(Collected data entries)
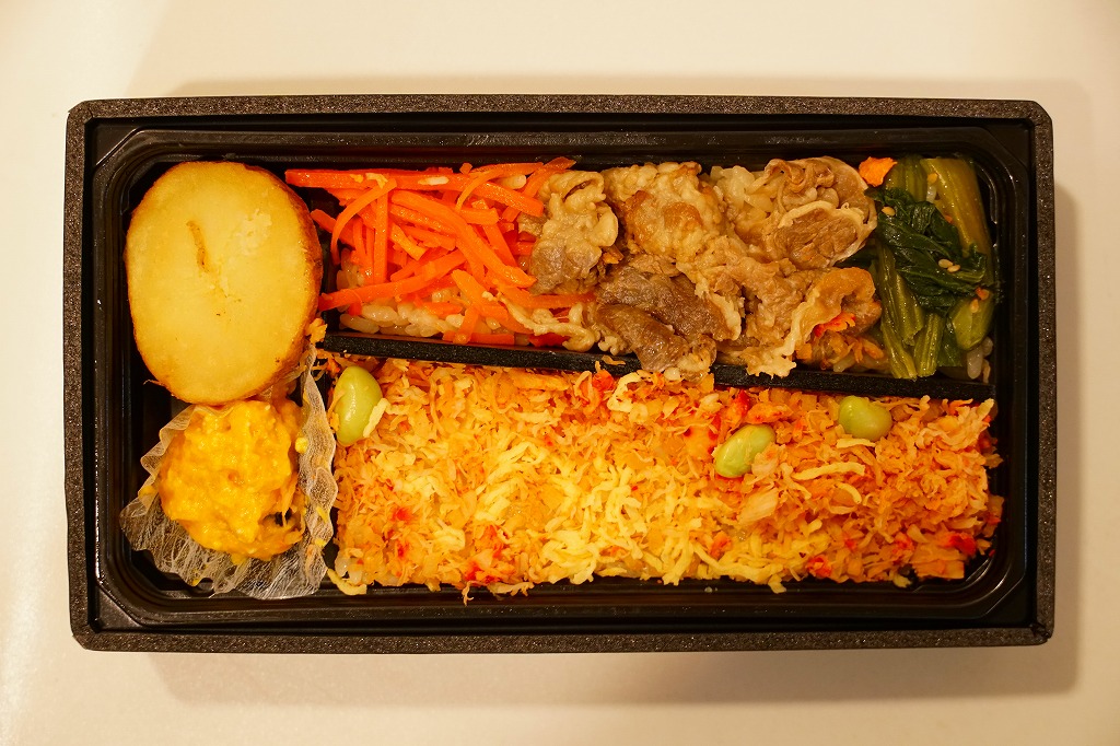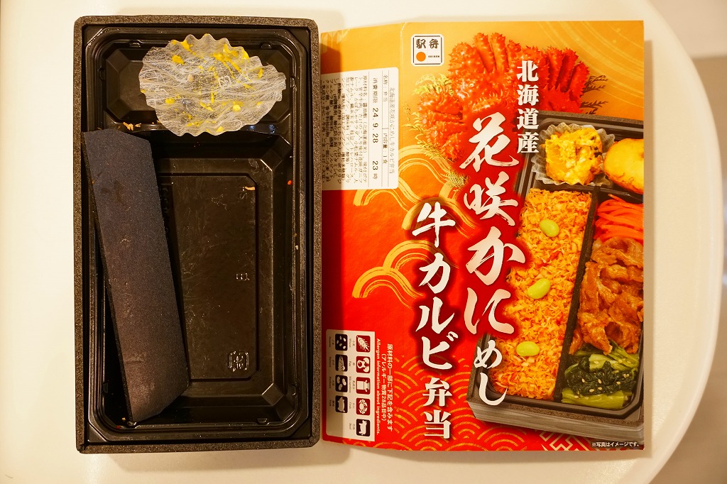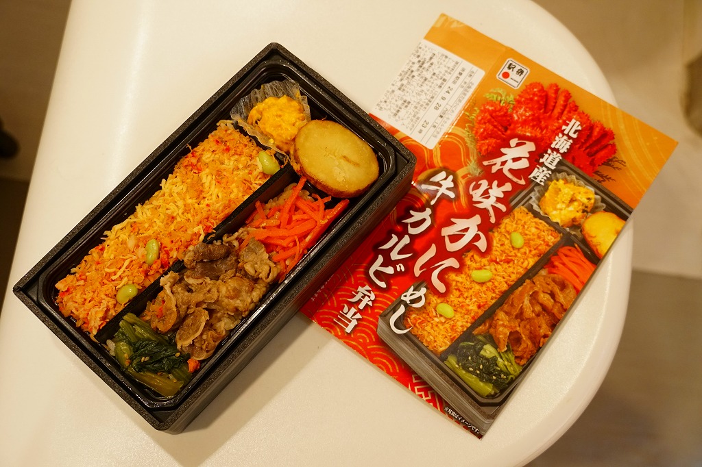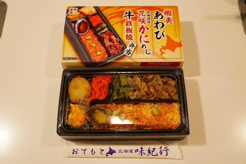秋冬の駅弁大会シーズンに向けた、2024(令和6)年秋の新商品で、全国のスーパーの駅弁催事へ出荷。真っ黒な長方形のプラ容器で、醤油飯を細長く2列に敷き、一方をタケノコ入りカニフレークと枝豆で、他方を牛肉と小松菜と人参で覆い、ポテトサラダとカボチャサラダを添えるのは、スリーブの写真そのまんま。これは同じ日に同じ場所で買った上記の「蝦夷あわび北海道産花咲かにめし牛鉄板焼弁当」の、商品名と中身から蝦夷あわびを抜いたものではないか。それなのに値段が変わらないのは、おそらく牛鉄板焼を牛カルビに格上げして相殺したか。常温で食べれば同じ駅弁。
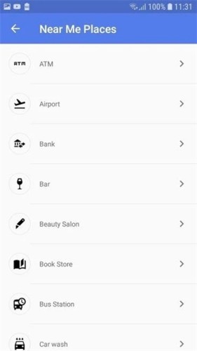 自动取款机,机场,银行,酒吧,美容美发,书店,汽车站,洗车,赌场,Cloting商店,咖啡,牙医,医生,食品,加油站,医院,酒店,图书馆,电影院,博物馆,
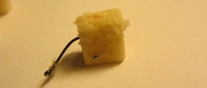 Для рыбалки на голавля очень хорошо подойдёт вид такого сыра, как чеддер и подобные ему виды сыров. Такой сорт нарезают на не очень большие кусочки несколькими миллиметрами, от них вырезать углы и получатся шарики. Нужно правильно одеть такую наживку на остриё у крючка, а для этого необходимо, чтобы жало виднелось из приманки.
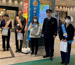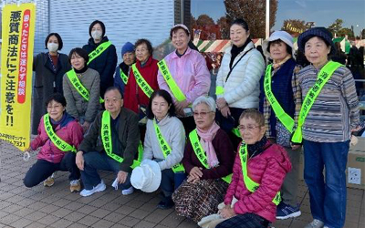 草加駅頭、東武鉄道草加駅駅長、草加警察署、草加市消費者行政職員と連携し啓発活動をおこないました。消費者トラブルのぼり旗を立て、サポーターもタスキを掛け消費生活センター周知の啓発品を配布しました。
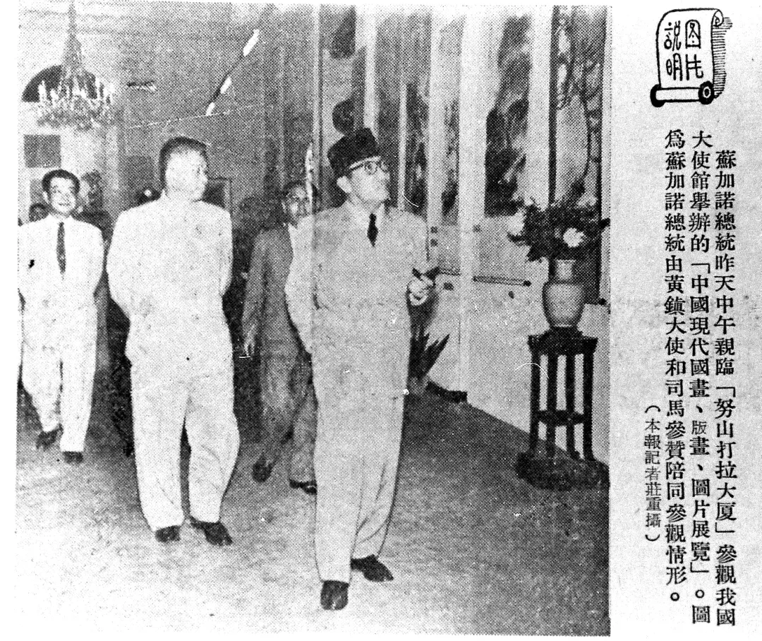 黃鎮大使、司馬文森陪同蘇加諾參觀畫展
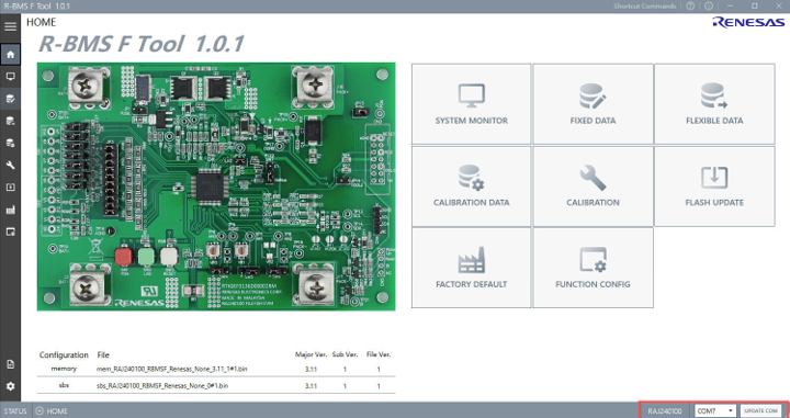 按下板卡上的”PON”开关启动系统,当系统正常启动后,LED1会转变为绿色(请确保JP2短接)。此时,打开R-BMS F软件,系统会自动地连接板卡,并在右下角显示连接的端口。
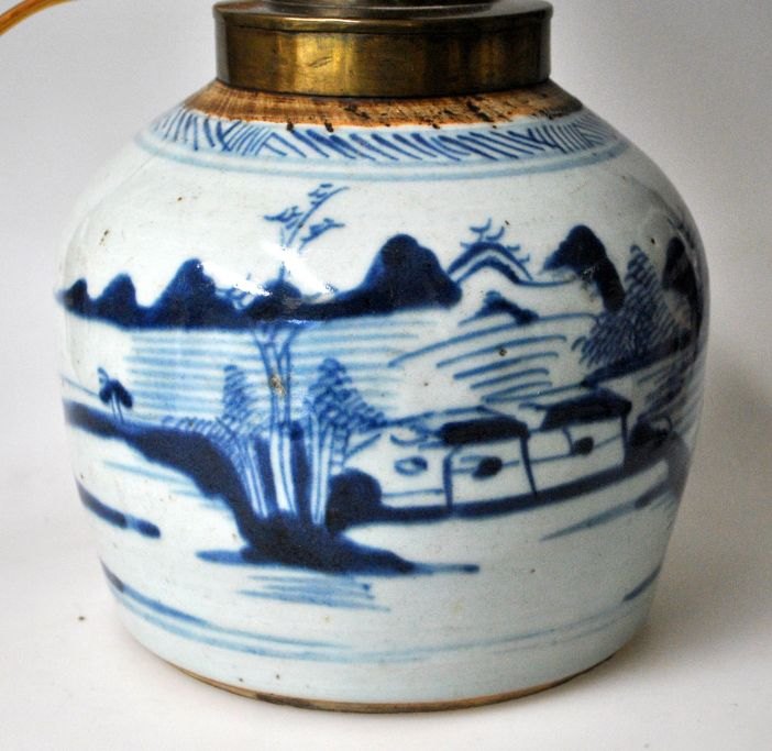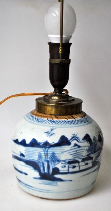Blå/hvid bojan, 18./19. årh. Kina. Hånddekoreret med landskaber. Højde: 18 cm. Omformet til el lampe.
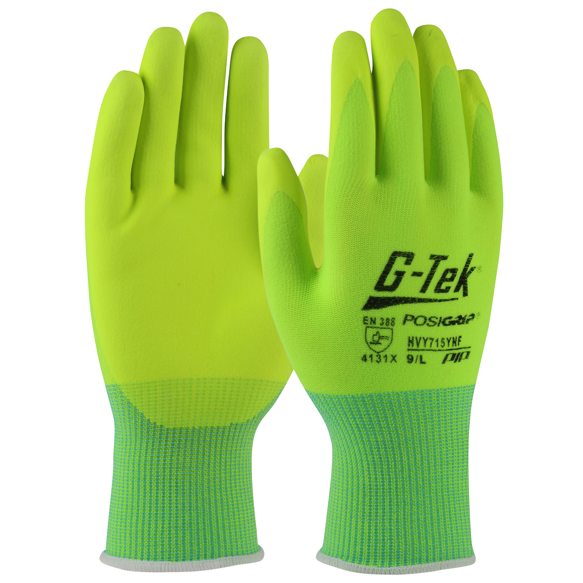 G-Tek HVY715YNF Hi-Vis Seamless Knit Nylon Glove with Nitrile Coated Foam Grip on Palm & Fingers [1 dozen]
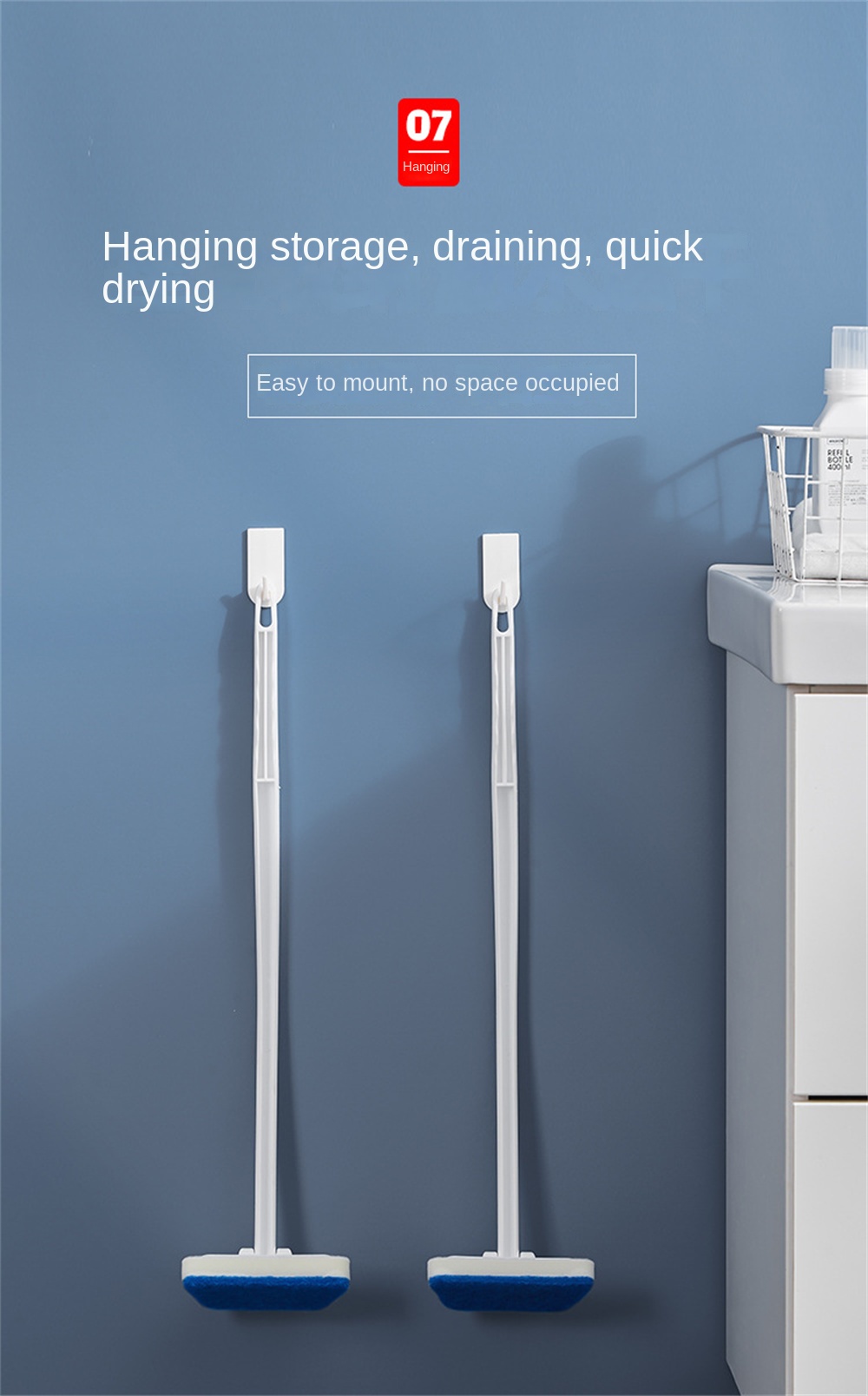 1. Для настенной щетки для ванной комнаты поверните головку щетки на 90 °, чтобы свободно регулировать угол.
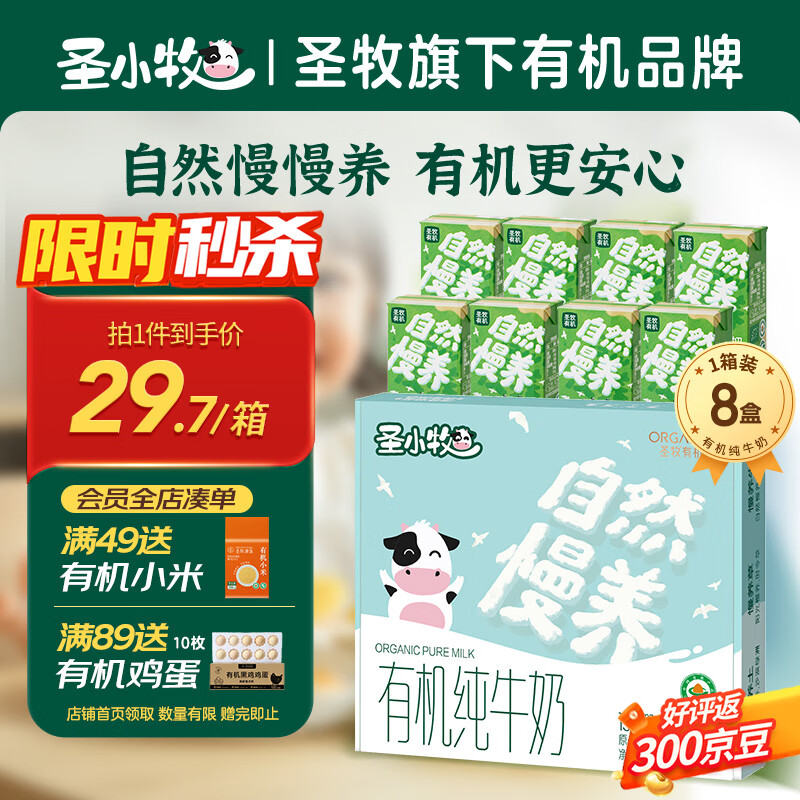Plus领9折券 圣小牧圣牧有机儿童牛奶4.5g蛋白150mg高钙12
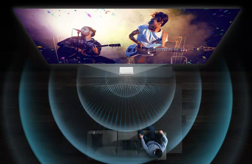 | Samsung The Premiere 40-Watt, 4.2-Kanal-Lautsprecher, die im Gehäuse des Projektors untergebracht sind, können problemlos mit dem integrierten Lautsprechersystem eines guten Fernsehers mithalten. Die Acoustic-Beam-Technologie verwendet 22 nach oben, links und rechts gerichtete Löcher, die einen atemberaubenden Surround-Sound liefern, der den gesamten Raum für eine realistische Wiedergabe ausfüllt. |
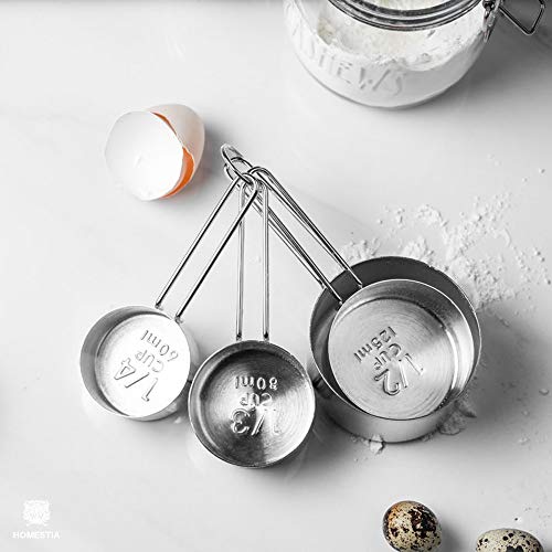 • Homestia Stainless Steel Measuring Cups and Spoons Set of 8 Pcs Baking Cooking Utensils with Measurement for Dry and Liquid Ingredients, Silver

### [YOUR OBJECTIVE]
Transcription of the lines from the one with "1. Для настенной" through the end of the entries is required, exact and with no pictures.

### [TASK RESPONSE]
 1. Для настенной щетки для ванной комнаты поверните головку щетки на 90 °, чтобы свободно регулировать угол.
Plus领9折券 圣小牧圣牧有机儿童牛奶4.5g蛋白150mg高钙12
 | Samsung The Premiere 40-Watt, 4.2-Kanal-Lautsprecher, die im Gehäuse des Projektors untergebracht sind, können problemlos mit dem integrierten Lautsprechersystem eines guten Fernsehers mithalten. Die Acoustic-Beam-Technologie verwendet 22 nach oben, links und rechts gerichtete Löcher, die einen atemberaubenden Surround-Sound liefern, der den gesamten Raum für eine realistische Wiedergabe ausfüllt. |
 • Homestia Stainless Steel Measuring Cups and Spoons Set of 8 Pcs Baking Cooking Utensils with Measurement for Dry and Liquid Ingredients, Silver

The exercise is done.